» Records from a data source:
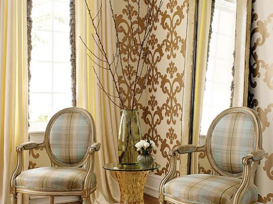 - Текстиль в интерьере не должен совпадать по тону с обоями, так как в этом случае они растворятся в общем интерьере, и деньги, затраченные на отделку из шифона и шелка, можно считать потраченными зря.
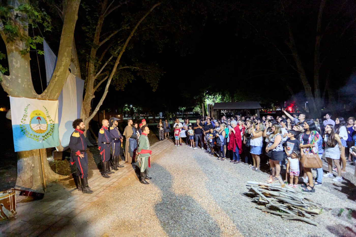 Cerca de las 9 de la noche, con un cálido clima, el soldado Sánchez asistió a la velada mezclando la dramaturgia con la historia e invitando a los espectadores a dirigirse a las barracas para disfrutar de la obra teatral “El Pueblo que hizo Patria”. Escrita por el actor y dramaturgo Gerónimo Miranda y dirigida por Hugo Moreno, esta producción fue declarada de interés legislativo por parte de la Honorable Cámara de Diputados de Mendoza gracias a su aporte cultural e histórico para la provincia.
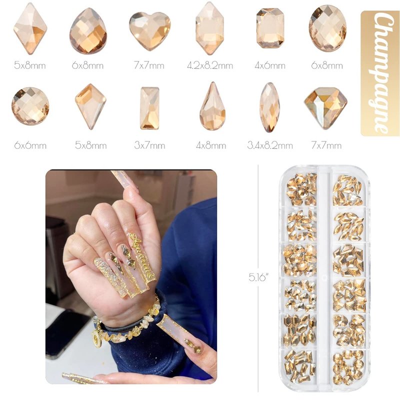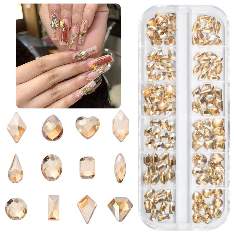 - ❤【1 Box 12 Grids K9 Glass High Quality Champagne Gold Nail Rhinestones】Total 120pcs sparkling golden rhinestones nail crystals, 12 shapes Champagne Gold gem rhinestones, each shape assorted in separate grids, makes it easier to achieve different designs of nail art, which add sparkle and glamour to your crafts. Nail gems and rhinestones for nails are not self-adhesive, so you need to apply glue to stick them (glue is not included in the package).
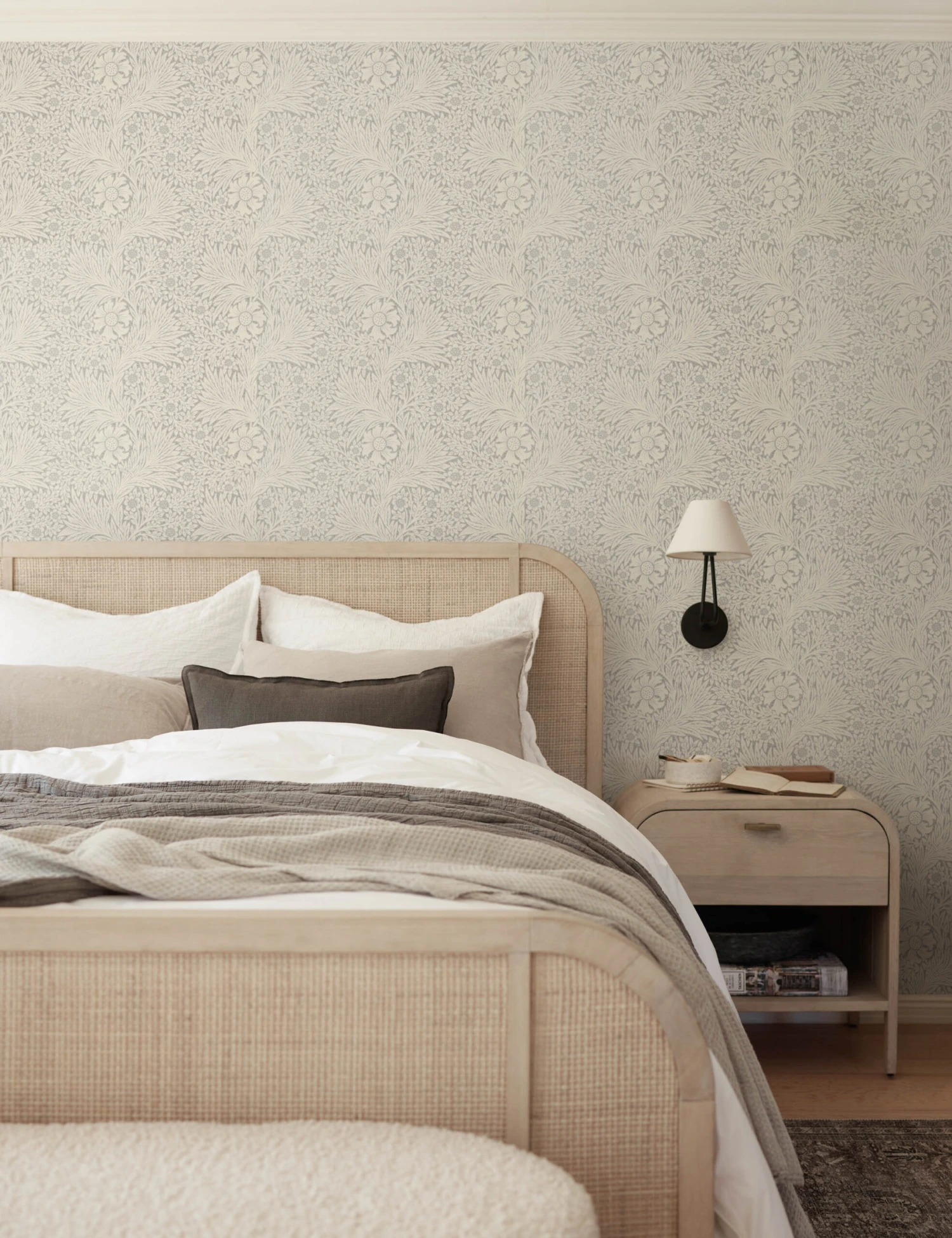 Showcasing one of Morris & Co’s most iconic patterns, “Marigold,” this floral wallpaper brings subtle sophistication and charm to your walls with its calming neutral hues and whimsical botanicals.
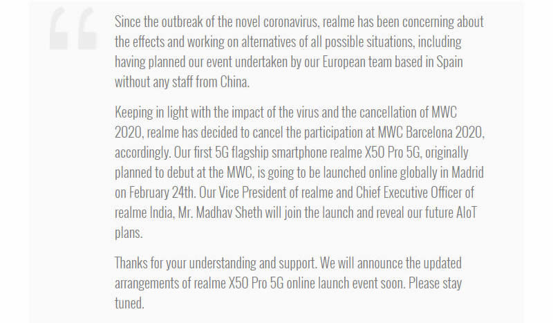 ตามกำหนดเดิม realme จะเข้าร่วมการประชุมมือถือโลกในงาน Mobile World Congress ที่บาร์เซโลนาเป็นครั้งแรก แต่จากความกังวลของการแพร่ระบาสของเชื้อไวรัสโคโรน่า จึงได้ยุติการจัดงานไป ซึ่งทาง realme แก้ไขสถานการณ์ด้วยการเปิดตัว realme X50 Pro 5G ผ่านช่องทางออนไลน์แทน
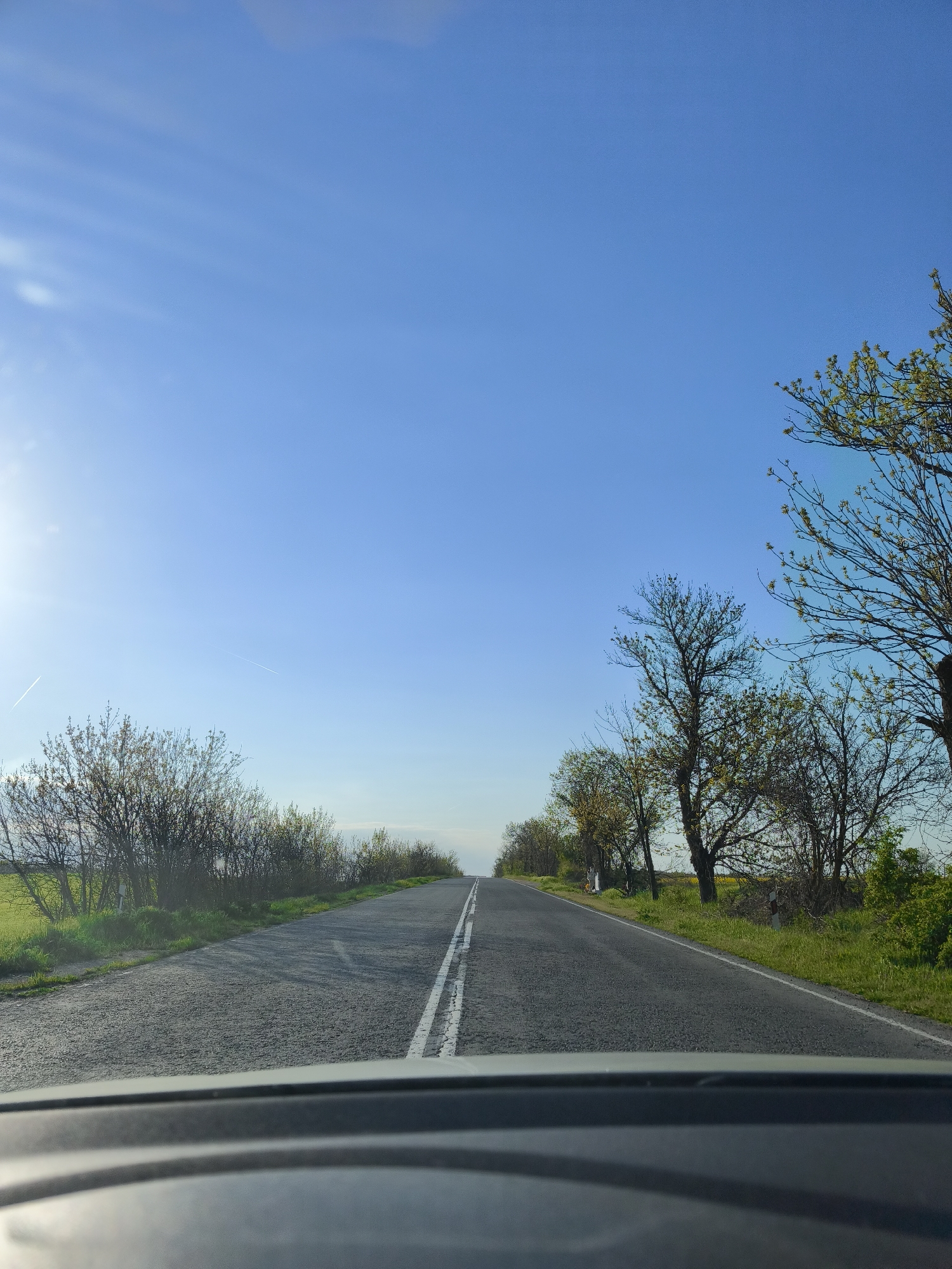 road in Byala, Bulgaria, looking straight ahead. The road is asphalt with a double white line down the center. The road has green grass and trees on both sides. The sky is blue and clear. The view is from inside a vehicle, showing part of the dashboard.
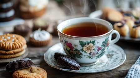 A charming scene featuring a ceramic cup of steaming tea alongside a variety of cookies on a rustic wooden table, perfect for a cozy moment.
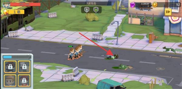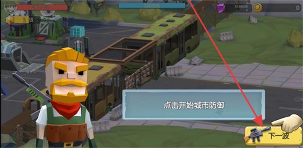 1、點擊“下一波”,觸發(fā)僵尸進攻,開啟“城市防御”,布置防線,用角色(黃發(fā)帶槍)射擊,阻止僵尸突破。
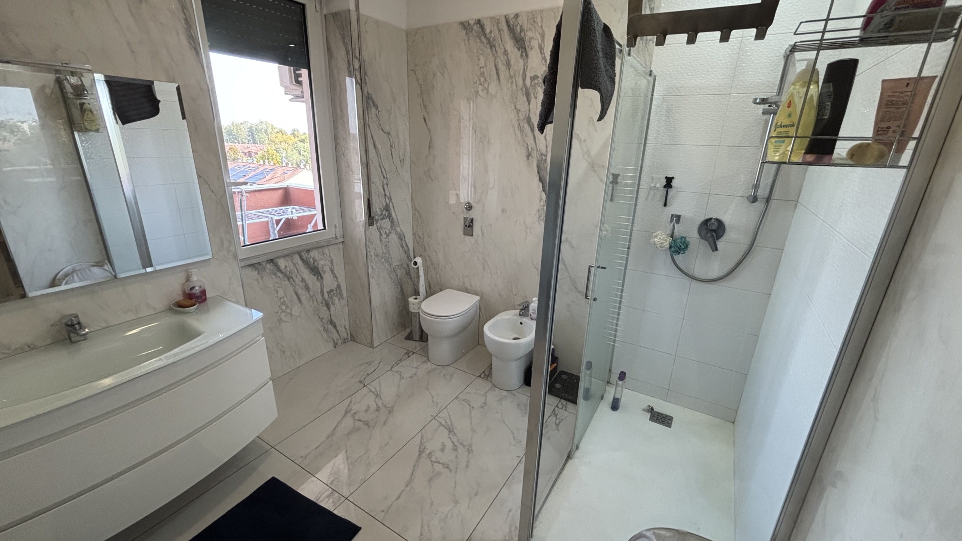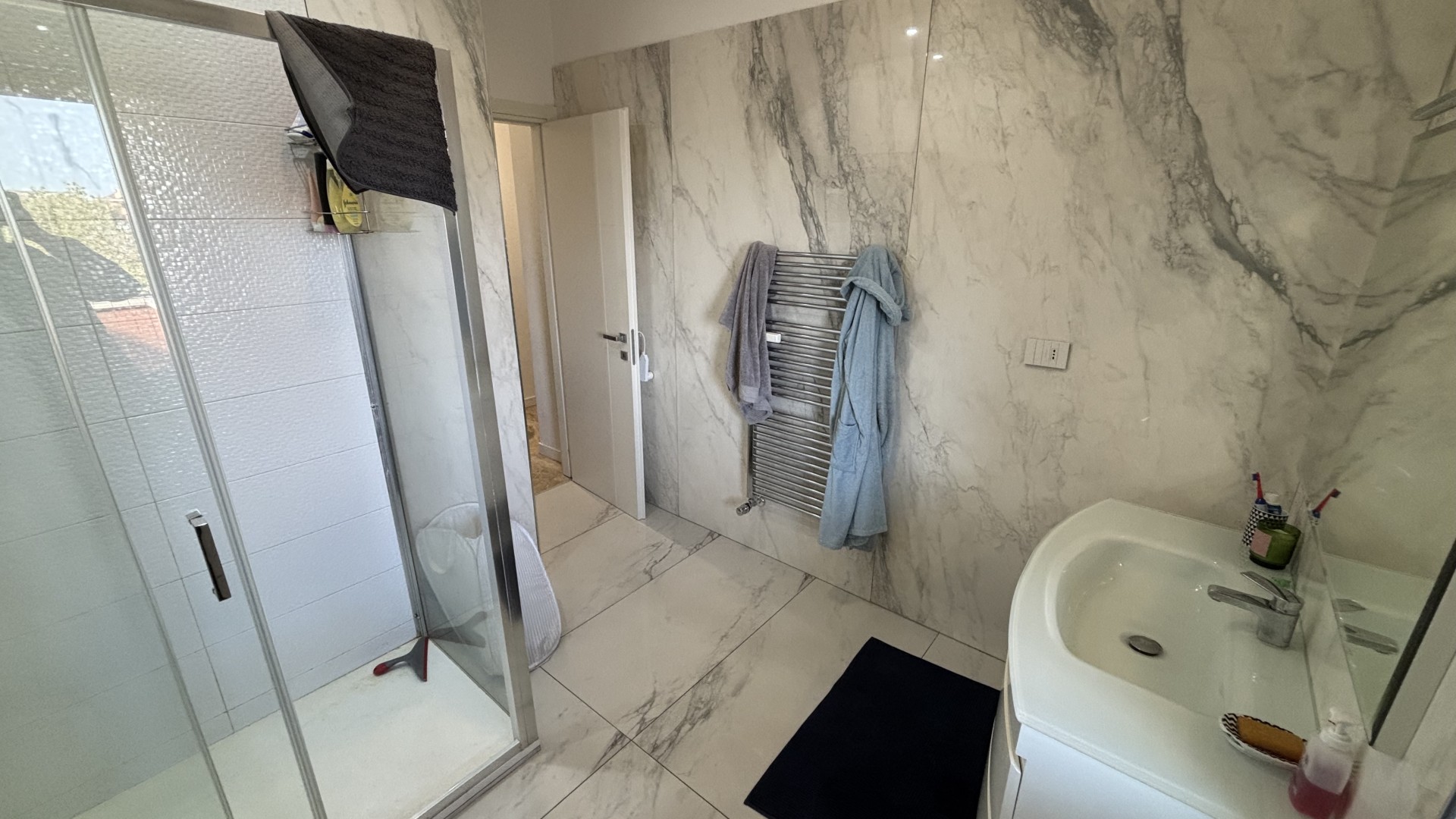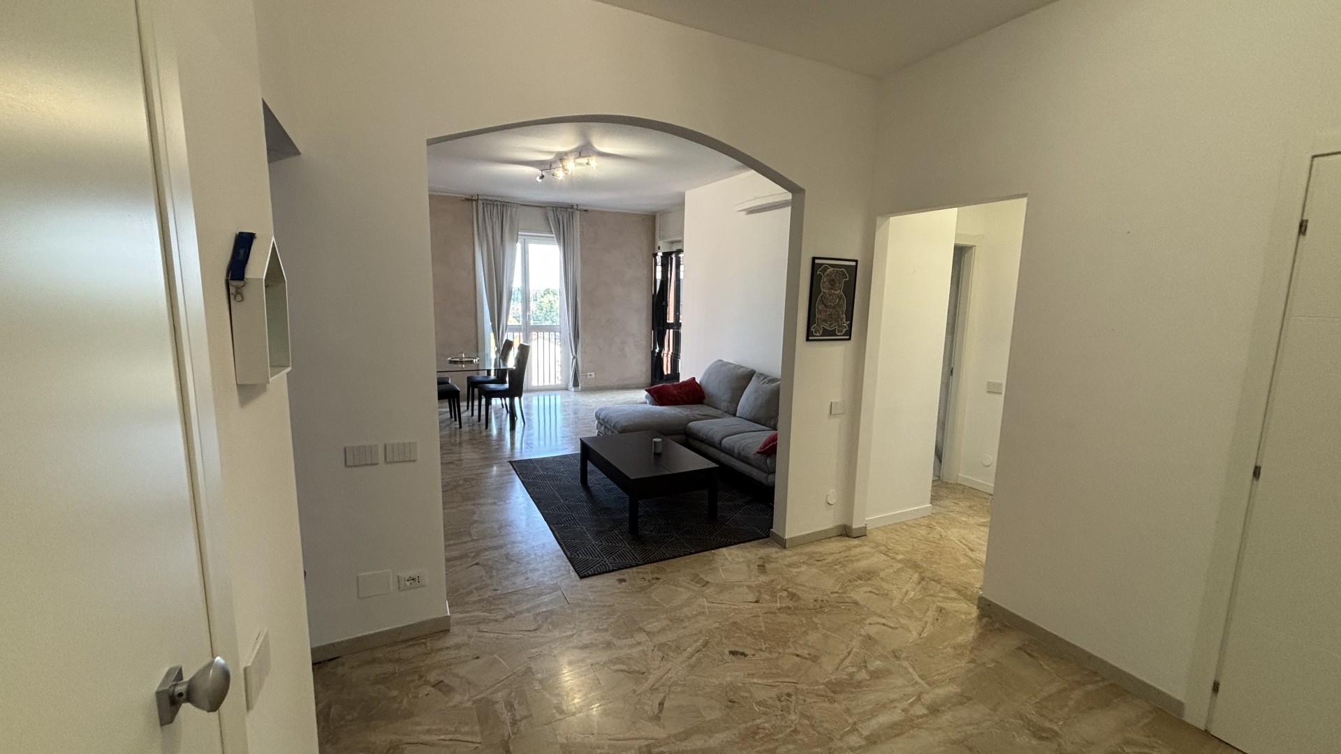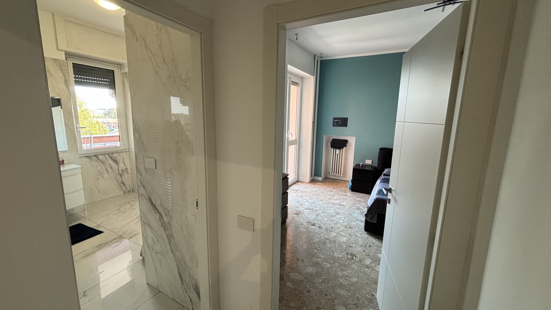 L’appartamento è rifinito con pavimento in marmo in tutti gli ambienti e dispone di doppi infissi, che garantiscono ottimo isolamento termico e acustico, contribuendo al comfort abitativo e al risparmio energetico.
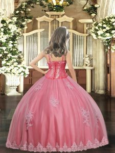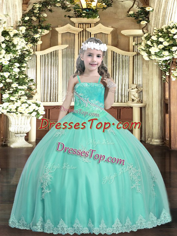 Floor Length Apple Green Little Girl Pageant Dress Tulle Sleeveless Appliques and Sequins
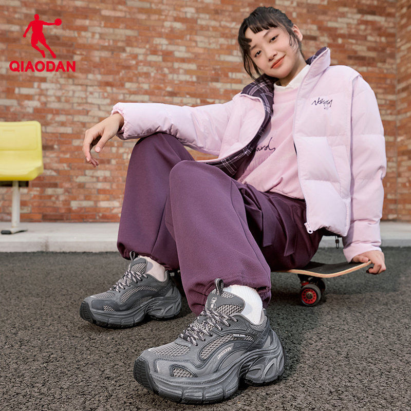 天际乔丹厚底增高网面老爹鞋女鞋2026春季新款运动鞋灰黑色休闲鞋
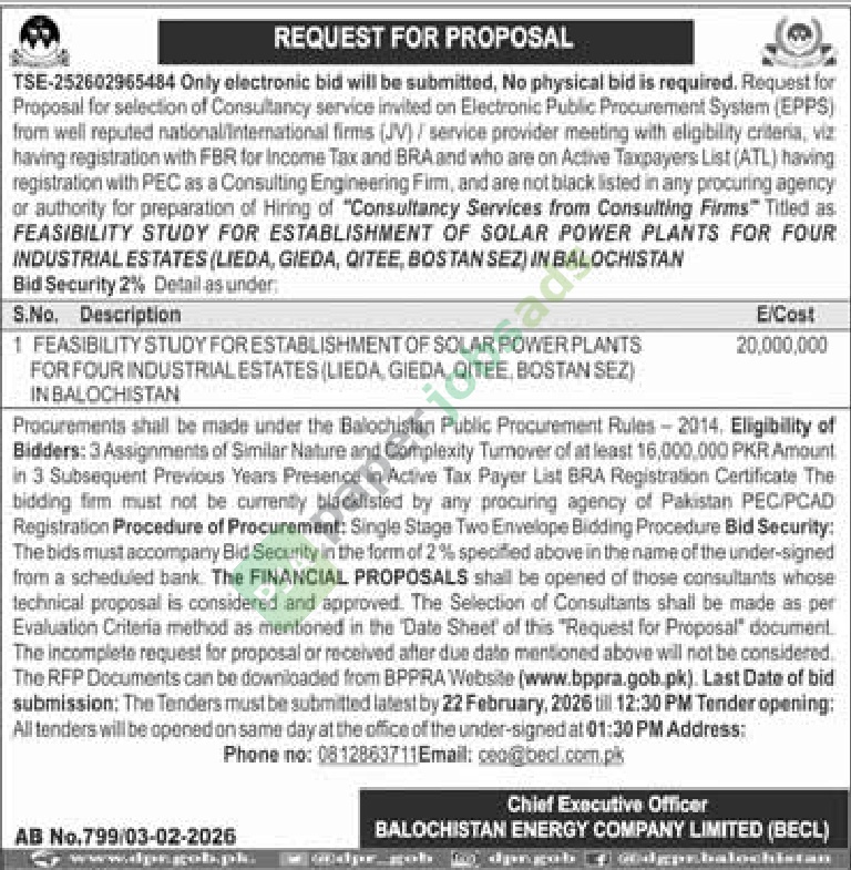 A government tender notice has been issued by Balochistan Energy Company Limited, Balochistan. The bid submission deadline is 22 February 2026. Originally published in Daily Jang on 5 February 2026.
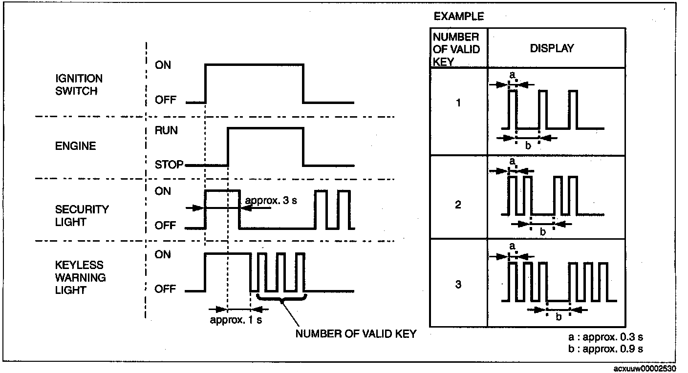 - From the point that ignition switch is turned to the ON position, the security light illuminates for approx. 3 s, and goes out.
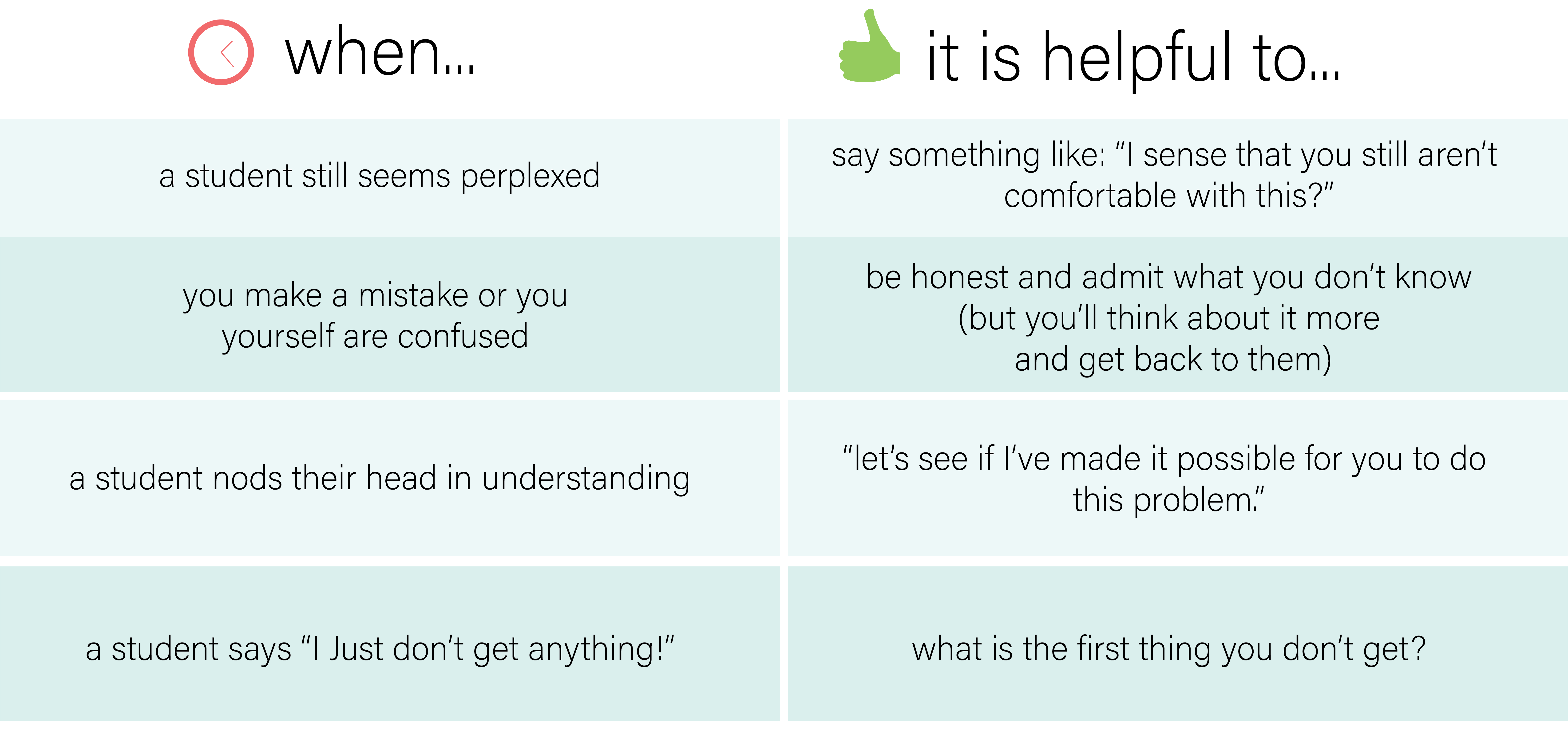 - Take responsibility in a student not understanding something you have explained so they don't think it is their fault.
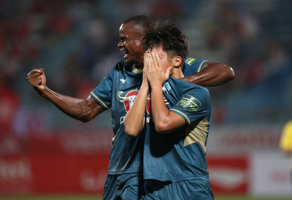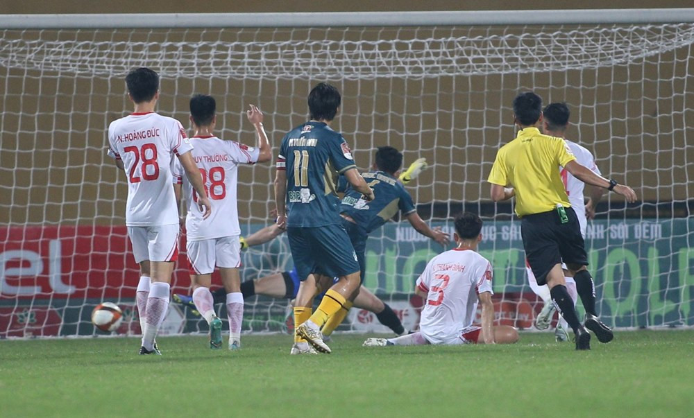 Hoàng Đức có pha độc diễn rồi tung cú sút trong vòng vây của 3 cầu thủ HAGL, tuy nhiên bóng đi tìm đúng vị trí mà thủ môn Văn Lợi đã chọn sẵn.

» Your task:
Repeat only the lines from the line with "Showcasing one of" to the end of the entries, including both the first and the last line, and drop every picture.

» Task result:
 Showcasing one of Morris & Co’s most iconic patterns, “Marigold,” this floral wallpaper brings subtle sophistication and charm to your walls with its calming neutral hues and whimsical botanicals.
 ตามกำหนดเดิม realme จะเข้าร่วมการประชุมมือถือโลกในงาน Mobile World Congress ที่บาร์เซโลนาเป็นครั้งแรก แต่จากความกังวลของการแพร่ระบาสของเชื้อไวรัสโคโรน่า จึงได้ยุติการจัดงานไป ซึ่งทาง realme แก้ไขสถานการณ์ด้วยการเปิดตัว realme X50 Pro 5G ผ่านช่องทางออนไลน์แทน
 road in Byala, Bulgaria, looking straight ahead. The road is asphalt with a double white line down the center. The road has green grass and trees on both sides. The sky is blue and clear. The view is from inside a vehicle, showing part of the dashboard.
 A charming scene featuring a ceramic cup of steaming tea alongside a variety of cookies on a rustic wooden table, perfect for a cozy moment.
 1、點擊“下一波”,觸發(fā)僵尸進攻,開啟“城市防御”,布置防線,用角色(黃發(fā)帶槍)射擊,阻止僵尸突破。
 L’appartamento è rifinito con pavimento in marmo in tutti gli ambienti e dispone di doppi infissi, che garantiscono ottimo isolamento termico e acustico, contribuendo al comfort abitativo e al risparmio energetico.
 Floor Length Apple Green Little Girl Pageant Dress Tulle Sleeveless Appliques and Sequins
 天际乔丹厚底增高网面老爹鞋女鞋2026春季新款运动鞋灰黑色休闲鞋
 A government tender notice has been issued by Balochistan Energy Company Limited, Balochistan. The bid submission deadline is 22 February 2026. Originally published in Daily Jang on 5 February 2026.
 - From the point that ignition switch is turned to the ON position, the security light illuminates for approx. 3 s, and goes out.
 - Take responsibility in a student not understanding something you have explained so they don't think it is their fault.
 Hoàng Đức có pha độc diễn rồi tung cú sút trong vòng vây của 3 cầu thủ HAGL, tuy nhiên bóng đi tìm đúng vị trí mà thủ môn Văn Lợi đã chọn sẵn.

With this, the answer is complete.